Há, todavia, um processo de manter o consumo em taxas elevadas: através da publicidade e do recurso ao crédito. A primeira, aguça o desejo de posse, levando a que as opções de consumo nem sempre sejam as mais apropriadas; a segunda, facilita o acesso ao que se deseja comprar diferindo no tempo o encargo com o pagamento, através de juntar ao preço do produto a taxa de juro que se tem de liquidar ao banco. Qualquer destas duas acções são modos pouco sustentados de manter em funcionamento uma economia.
Através destas noções ultra elementares consegue-se perceber o que o Governo está a fazer em Portugal: reduzir o buraco orçamental através do corte das despesas, reduzindo drasticamente os salários, e aumentando os impostos, particularmente aqueles que incidem indiscriminadamente sobre todos os consumidores — julga o Governo que, deste modo, o tecido produtivo se manterá incentivado para a produção. Ao mesmo tempo anima-se o consumo — através do crédito, transferindo para as famílias o ónus da manutenção da produção sem mexer nos rendimentos dos bancos (que deveriam ser altamente taxados em função dos lucros obtidos). É evidente que, mais tarde ou mais cedo, as famílias entram em ruptura orçamental, tendo de quebrar o consumo ou não honrando as dívidas — veja-se o jornal
Correio da Manhã de hoje.
O Governo está preocupado com o cumprimento do pacto de estabilidade, mas não está a levar em conta a economia nacional que, dentro de poucos anos, estará completamente inoperativa, sendo só florescente em um ou outro campo que não é suficiente para compensar toda a produção que entretanto vai falir ou fechar as portas ou reduzir-se a quantidades insignificantes.

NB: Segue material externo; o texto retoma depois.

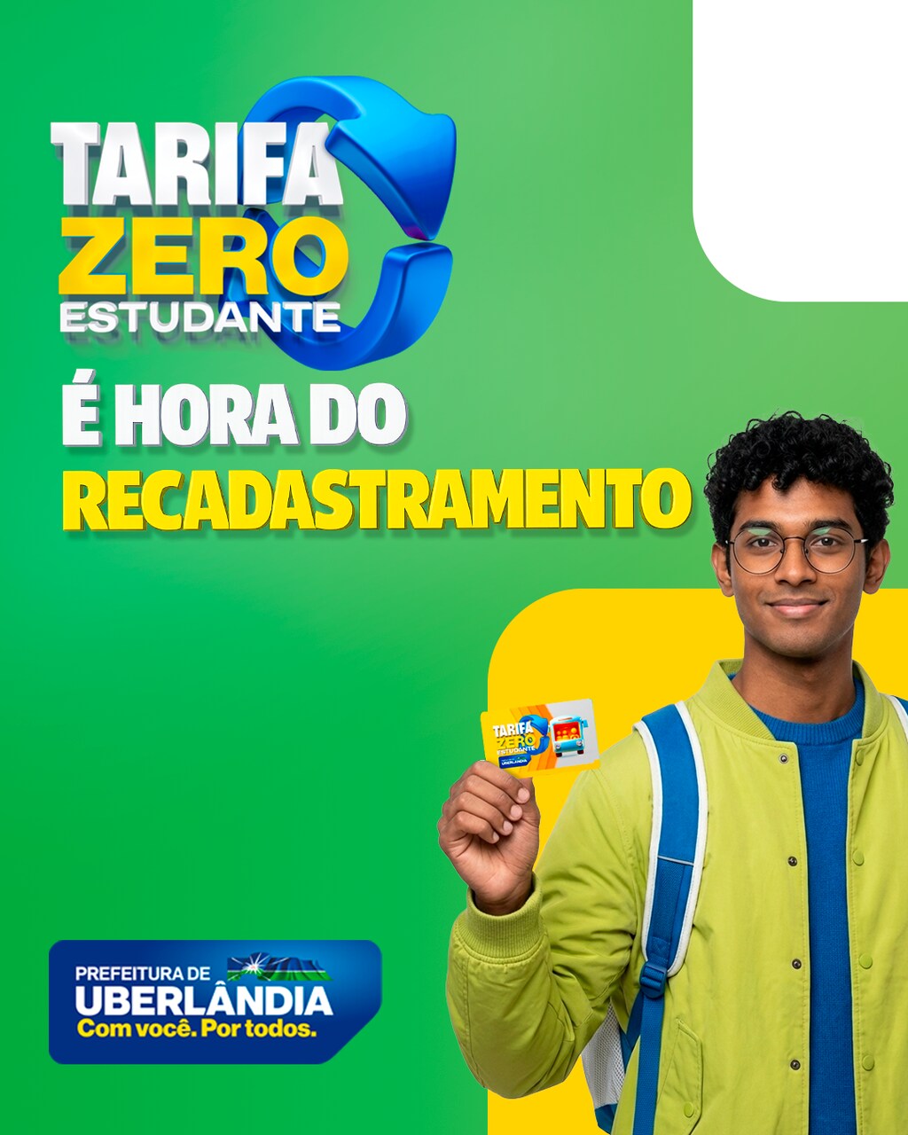 A Prefeitura de Uberlândia, por meio da Secretaria Municipal de Trânsito e Transportes (Settran) e da Ubertrans, começa uma nova etapa de atualização cadastral dos beneficiários da Tarifa Zero para estudantes, conforme determina a legislação que regulamenta o acesso ao benefício. O recadastramento será feito exclusivamente de forma virtual, por meio do aplicativo Ubetrans-Supersit, disponível para download nas lojas digitais (iOS e Android), no período de 26 de janeiro até o dia 26 de março.
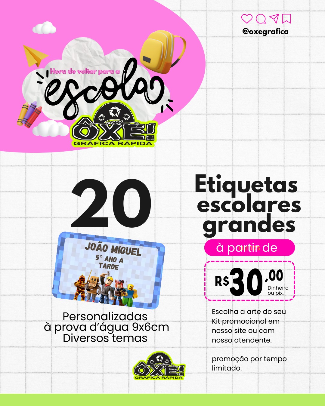 Balcões de RetiradaEtiquetas Escolares Grandes 20 unidades
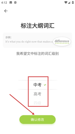 4、在词汇设置界面选择目标级别(如【中考】),点击【确认修改】,即可按该级别标注文中词汇辅助学习。

Isto quer dizer que, daqui a tempos, Portugal será um dos Estados mais pobres da União, pois o consumo que restar será de produtos importados.
O contrário do esboço que tracei conseguir-se-ia a partir de um salutar aumento do consumo através de o Estado o incentivar, pagando justamente às classes inactivas, taxando com rigor as entidades responsáveis pela cedência de crédito, mantendo uma carga fiscal favorável aos sectores produtivos de maior produção/consumo, impondo uma fiscalidade nas áreas que se sabem que fogem ao fisco, limitando o consumo das classes sociais mais próximas da abundância, restringindo a saída de cidadãos para o estrangeiro em gozo de férias, através da elevação das taxas de embarque em épocas bem determinadas, cobrando taxas mais altas na prática publicitária, nomeadamente a que se refere a produtos supérfluos, enfim, reestruturando os hábitos dos Portugueses que foram completamente alterados com a entrada na Comunidade Europeia e no regabofe que se viveu nos anos do Governo de Cavaco Silva continuado no de Guterres.
A via seguida pelo Governo de José Sócrates — que dá o exemplo gozando férias no Quénia ao contrário de as passar na serra do Gerês — vai cavar fossos enormes entre grupos sociais e os mais fragilizados são os que se situam nas classes inactivas, sejam antigos contínuos ou almirantes. A diferença situa-se simplesmente nas descidas dos padrões de vida: o do contínuo passará a ter a dignidade do do mendigo e o do almirante a do contínuo. Nada mais! E que os deuses, na sua divina bondade, não lhes dêem longas vidas para que não tenham de descer mais ainda na escala das dificuldades.